PROMPT — Set down, word for word, every line of the material below from the one containing "cite this data" through the one containing "Difusor de aroma", but none of its pictures.

PROVIDED DATA —
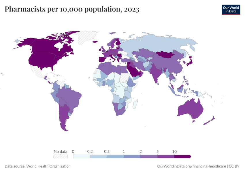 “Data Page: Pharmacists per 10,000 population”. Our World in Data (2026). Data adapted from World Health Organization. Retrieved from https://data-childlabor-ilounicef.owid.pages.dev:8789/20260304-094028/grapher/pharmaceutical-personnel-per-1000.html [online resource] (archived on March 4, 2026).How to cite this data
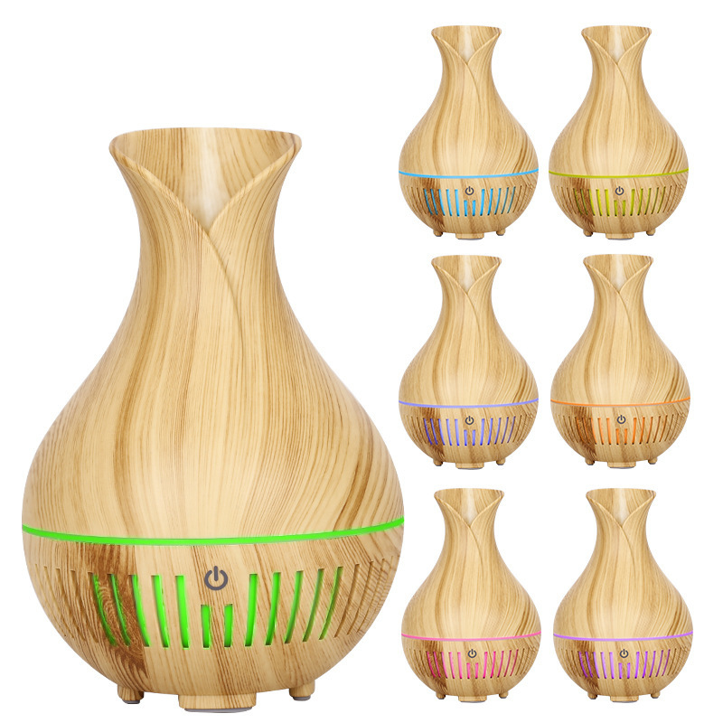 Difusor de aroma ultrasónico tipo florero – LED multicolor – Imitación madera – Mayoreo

==

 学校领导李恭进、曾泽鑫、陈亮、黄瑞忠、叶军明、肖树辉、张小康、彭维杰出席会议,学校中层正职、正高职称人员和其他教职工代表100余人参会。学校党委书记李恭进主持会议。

==

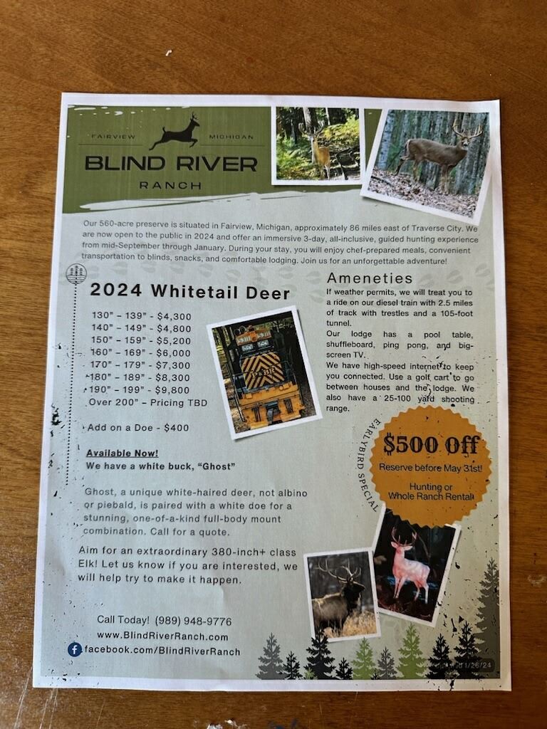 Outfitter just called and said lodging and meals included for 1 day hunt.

RESULT FOR THIS TASK —
 “Data Page: Pharmacists per 10,000 population”. Our World in Data (2026). Data adapted from World Health Organization. Retrieved from https://data-childlabor-ilounicef.owid.pages.dev:8789/20260304-094028/grapher/pharmaceutical-personnel-per-1000.html [online resource] (archived on March 4, 2026).How to cite this data
 Difusor de aroma ultrasónico tipo florero – LED multicolor – Imitación madera – Mayoreo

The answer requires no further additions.